On this point, you are totally correct that without explicit text-image constraints, an excessive amount of generative tuning training (time or data) will inevitably lead to such issues. However, this does not essentially align with the research perspective of our current work. Our work explores a diffusion feedback-based, low-cost post-training approach to optimize CLIP's sensitivity to fine-grained details. An excessive amount of generative tuning training has never been our intention in introducing the DIVA training recipe. As the first work to exploit the potential of leveraging generative feedback from text-to-image diffusion models to optimize CLIP model's representations, our current focus is on how to significantly enhance CLIP's visual perception capabilities with the smallest amount of data and training time possible.

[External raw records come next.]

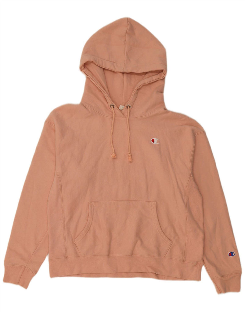 CHAMPION Womens Reverse Weave Hoodie Jumper UK 16 Large Pink Cotton
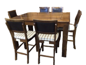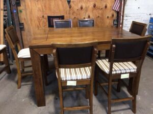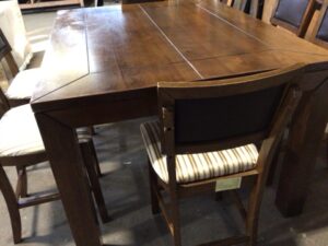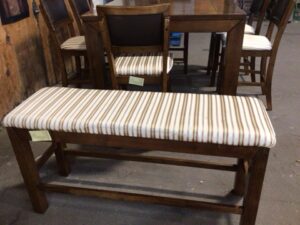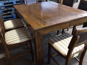Wooden dining table with 6 upholstered chairs and a bench – includes a butterfly leaf that when open, the top measures 60x60in – the table and chairs have light wear from general use and 1 chair has been repaired –
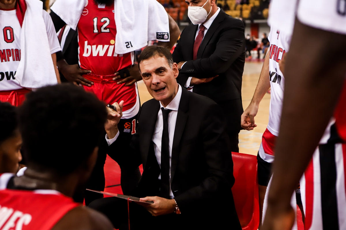 Ο Γιώργος Μπαρτζώκας δίνει οδηγίες στους παίκτες του Ολυμπιακού Andreas Papakonstantinou / Tourette Photography
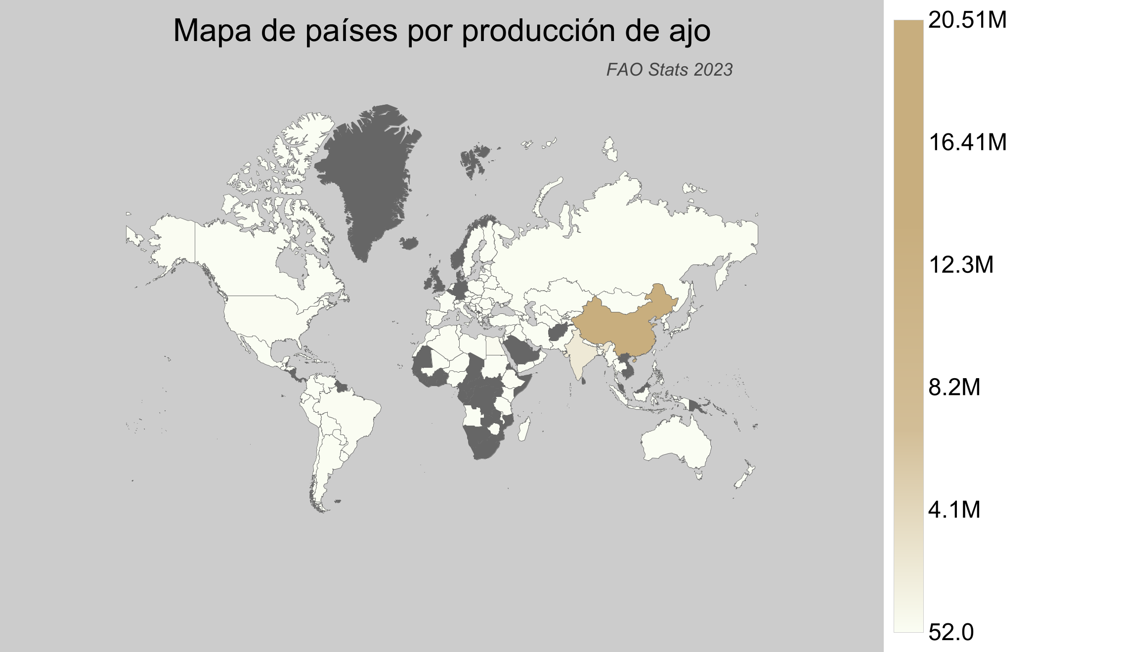 - Argentina, aunque representa solo el 0.54% de la producción mundial de ajo, es un importante productor a nivel regional.

In fact, the issue of CLIP's visual branch gradually moving away from the text encoder with longer training durations and more training data is a potential problem we may consider when scaling up the DIVA framework in the future, but it in no way detracts from the potential that DIVA has already demonstrated under our current efficient and low-data training recipe, nor from the contribution of the insights we have proposed to the community. We fully understand your high expectations and strict requirements for our work, but this is not something that can be fully researched and realized all at once; it requires more time and more researchers to devote their efforts. Actually, for our plans to scale up the DIVA framework with more training data in the future, employing purely visual information to further constrain the semantic alignment of CLIP's visual and text encoders is a worthwhile avenue for exploration. However, this is not the primary focus of our current work, which leaves further room for future exploration. In light of your valuable feedback, we sincerely and explicitly acknowledge this potential limitation when scaling up the DIVA framework in future work, which has been clearly added into our "Limitations And Future Topics" section of the revised manuscript, highlighted in blue, and we hope that you will be satisfied with such supplement.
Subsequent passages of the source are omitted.